Zeroeth stage: check if we are dealing with completely the same input and output formats and dimensions and then just apply memcopy (the kernel is obviously called murder).
Even if formats are the same we may need to scale the input or convert it to account for colourspace details etc etc.
Right from the start we need to check if we deal with a packed format and insert unpack stage or skip it and feed input directly to the processing stage.
On one hand there might be need for input stage converting planar 12-bit input into proper 16-bit input for processing stages, on the other hand it might be skipped in some cases (for efficiency reasons).

And then you should add a next stage but don’t forget about intermediate planar buffers—they should be allocated for the stage so that the following stage will know where to read its input from.
Now it’s probably a good time to mention that during pipeline construction we should keep track of current format and thus each stage construction should modify it to let the next stage know what input format it should expect (e.g. input was packed 10-bit BGR, unpack makes it into 16-bit planar RGB, scale changes nothing but dimensions and rgb2yuv converts it to 16-bit YUV and pack converts it into output format like YUYV).
Don’t forget that for clarity and simplicity all stages get pointers to the components in the order of the colourspace model components, i.e. it’s always R,G,B even if the input was packed BGR32 (the pointers will point to the start positions of the component in a packed input in that case), and that applies to both input and output.

Kernels are standalone modules that prepare contexts and processing functions but intermediate and scratch buffers are allocated by NAScale core during pipeline construction.
Often you don’t need scratch buffers but when your stage outputs only three components (i.e.
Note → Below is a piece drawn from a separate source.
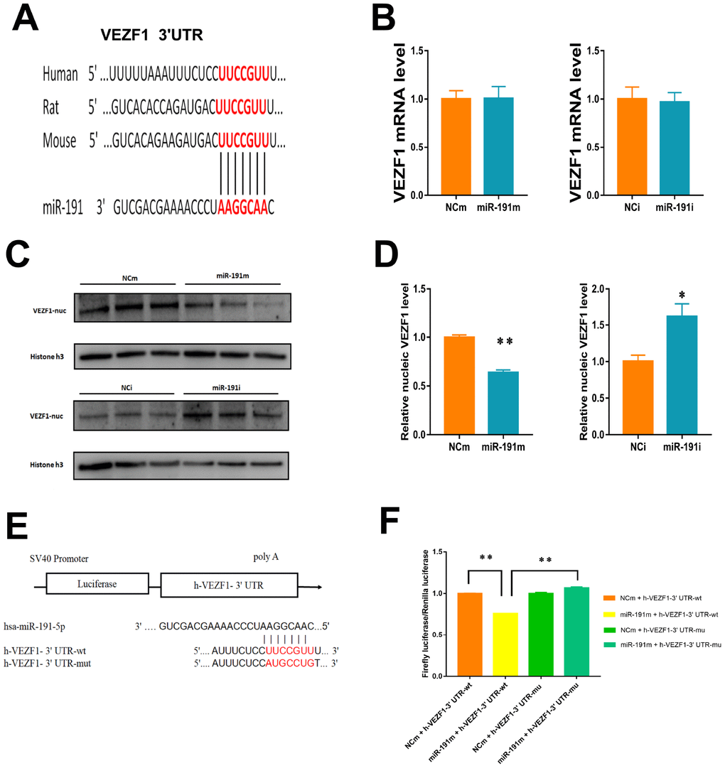 293T cells (3 × 105 cells per well) were plated onto 24-well plates. pSV40-VEZF1-wt or pSV40-VEZF1-mut was cotransfected with miRNA-191 mimic or NCm into 293T cells by Lipofectamine 3000. The relative luciferase activity was normalized to Renilla luciferase activity 48h after transfection.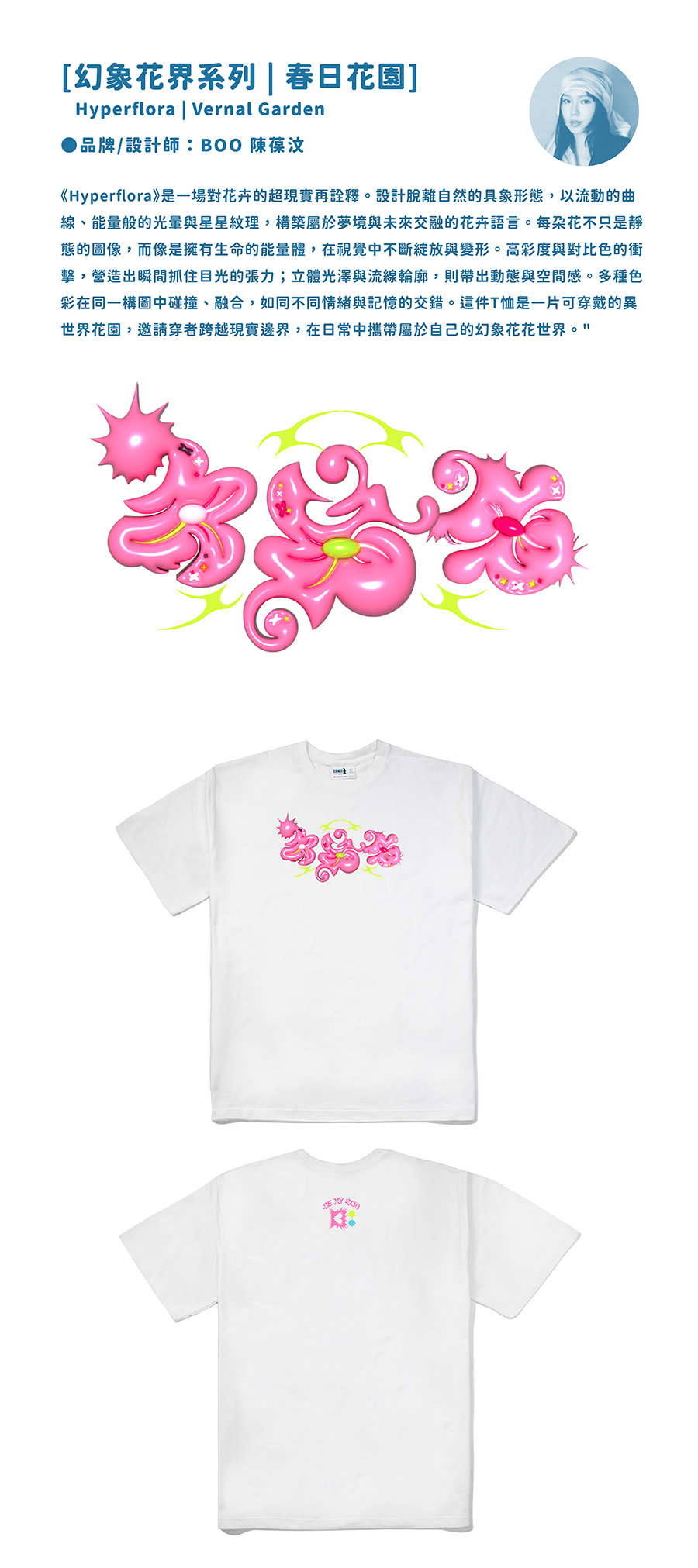 《Hyperflora》是一場對花卉的超現實再詮釋。設計脫離自然的具象形態,以流動的曲線、能量般的光暈與星星紋理,構築屬於夢境與未來交融的花卉語言。每朵花不只是靜態的圖像,而像是擁有生命的能量體,在視覺中不斷綻放與變形。高彩度與對比色的衝擊,營造出瞬間抓住目光的張力;立體光澤與流線輪廓,則帶出動態與空間感。多種色彩在同一構圖中碰撞、融合,如同不同情緒與記憶的交錯。這件T恤是一片可穿戴的異世界花園,邀請穿者跨越現實邊界,在日常中攜帶屬於自己的幻象花花世界。"

RGB) and the next stage demands four (i.e. RGBA) you should allocate a scratch buffer for that stage to use as an input (again, for efficiency reasons we might want to pass through buffers from the previous stage that are not touched in the current one but I’m not sure how to implement that yet).
Developing all of this should be not that hard though and most time should be spent on optimising common cases instead.
And that’s all for now.

NihAV — Notes on Audio

Thursday, December 3rd, 2015

There’s one thing I like in Libav audio design and that’s planar audio. There’s one thing I don’t like about it and that’s handling multichannel audio. As a project with roots intermingled with MPlayer, it has followed M$ definition of multichannel audio and since many multichannel codecs have their own channel order lavc decoders have to define channel reordering tables. And it gets hairier when you have dynamic channel configuration (i.e. not one of the static channels configurations but rather a channel mask defining what channels are present or not). It gets especially fun with codecs that have extensions to the base 5.1 format that redefine existing channels and add new ones (like D*lby and DT$ codecs).

My proposal is that multichannel codecs should not bother with what the library considers The Only True Layout but rather export channel map along with the channel data and let the conversion library figure it out (shuffling pointers is not hard you know).

P.S. It’s hard to blame lu_zero for the current Libav situation but I still shall do it.